• **PROBLEM REQUIREMENTS**
Where the line containing "white elasticated drawstring" appears below, begin there and reproduce each line exactly through the last one, omitting pictures.

• **Excerpts from a dataset**
----
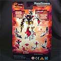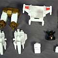 When transformed, each figure has a few moving parts-- like arms that move a little, or a unified "unileg" which allows limited movement. Many of the robots have a tiny hole in the bottom of their feet, which is used when making Superion or for placing the figure in the "jet mode" of the spare parts. (More on that below.) A lot of the figures are named similarly to the original Superion, a team of robots from 1986 which featured five members. (There was no Ro-Tor or Storm Jet in the original, but there was a Slingshot, and they were all colored very similarly to this set.)
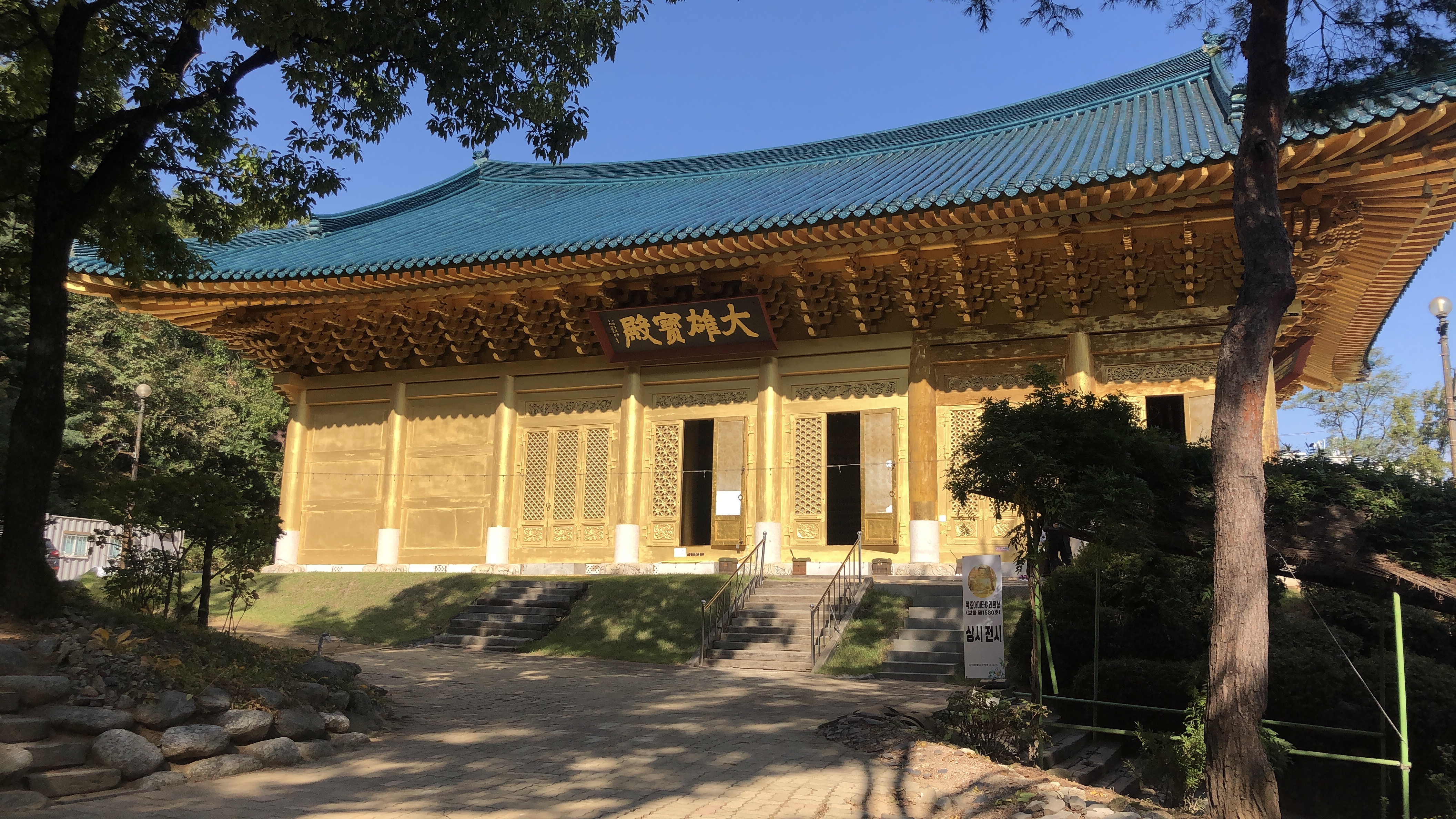이곳 대웅보전이 사진에 보이는 것과 같이 황금사원입니다.
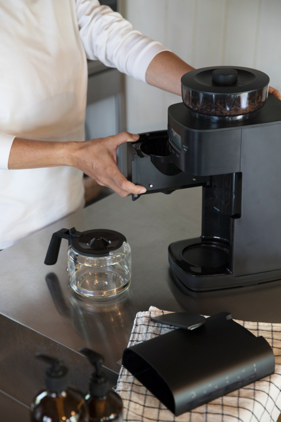 产品外观设计风格简约时尚,使用黑白两种配色,适合放置在厨房台面或餐边柜。顶部储豆盒为透明材质,豆量一目了然。
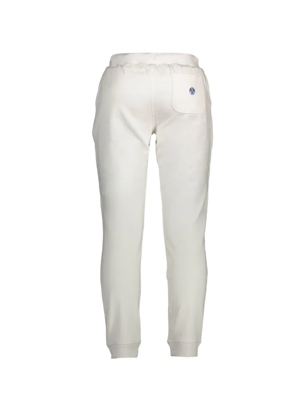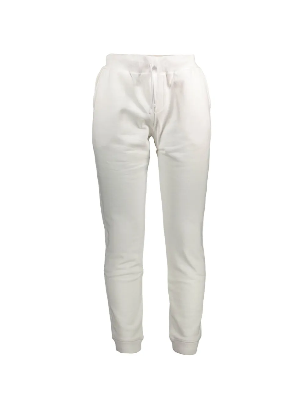 white elasticated drawstring waistband two side slit pockets rear patch pocket logo patch to the rear elasticated cuffs relaxed fit
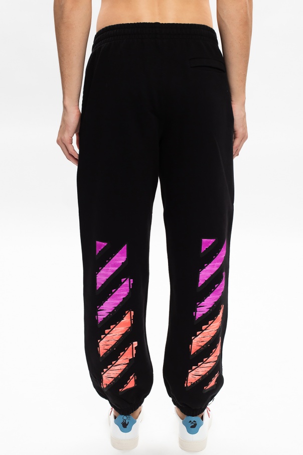 Black sweatpants from Off-White. Crafted from cotton, this design features drawstrings, a printed logo pattern in white, two front slip pockets, a rear velcro pocket and ribbed cuffs.
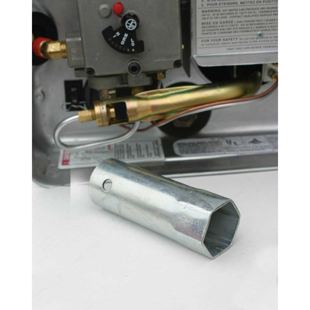 Camco 09883 Water Heater Screw-in Element Wrench Remove and replace screw-in elements with ease. Zinc-plated element wrench goes where other wrenches can’t. Works with your screwdriver and fits all regular screw-in type elements and 1-1/2″ nuts.
----
• **OUTPUT FOR THIS TASK**
 white elasticated drawstring waistband two side slit pockets rear patch pocket logo patch to the rear elasticated cuffs relaxed fit
 Black sweatpants from Off-White. Crafted from cotton, this design features drawstrings, a printed logo pattern in white, two front slip pockets, a rear velcro pocket and ribbed cuffs.
 Camco 09883 Water Heater Screw-in Element Wrench Remove and replace screw-in elements with ease. Zinc-plated element wrench goes where other wrenches can’t. Works with your screwdriver and fits all regular screw-in type elements and 1-1/2″ nuts.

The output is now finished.